VIN numbers have had a remarkable track record of staying ahead of analyst estimates in 2013 for Tesla. And right now the VIN #'s are saying that 21,000 units is far too low of an estimate for 2013.
Management's consistent comments about having no problems with demand, will finally be appreciated and accepted by the market, as production begins to scale.
If Tesla can deliver 6,750 in Q3 as the VIN data implies, that would bring overall deliveries to 16,800 in 2013. To reach management's goal of 21,000, Tesla would only have to sell 4,200 in Q4. Considering the power tailwind of seasonal demand skewed towards Q4, this appears to be a very low estimate.

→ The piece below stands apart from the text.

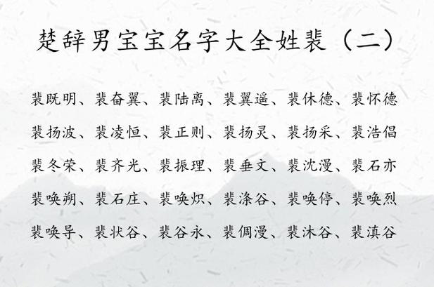 楚辞有典故男孩起名字阳光好听的牛年宝宝取名字推荐想要给牛年的男孩起一个有气质的名字,需要从经典文学楚辞中下手,楚辞中包含了春秋时代的神话典故以及君王故事,寓意深刻,用以给男孩取名参考是再合适不过了。

With European and Asian markets coming online in the second half of 2013, demand will see a boost. Tesla appears to already be scaling production to meet the new demand its seeing after opening up orders just a couple months ago in the eurozone.
Who knows, the squeeze may not be over. Only 1/3 of the Tesla shorts have covered. As of August 30th, 2013 there were over 21.5M shares still short. That represents approximatley 17% of the company's market cap, a position of more than $3.5B.
Put the clues together. Production data (VIN) indicates we are tracking well above 21,000 units in 2013. Management has stated numerous times there isn't a problem of demand. Reports have been confirmed that production has scaled to 26,000 annually. European and Asian markets are about to go live.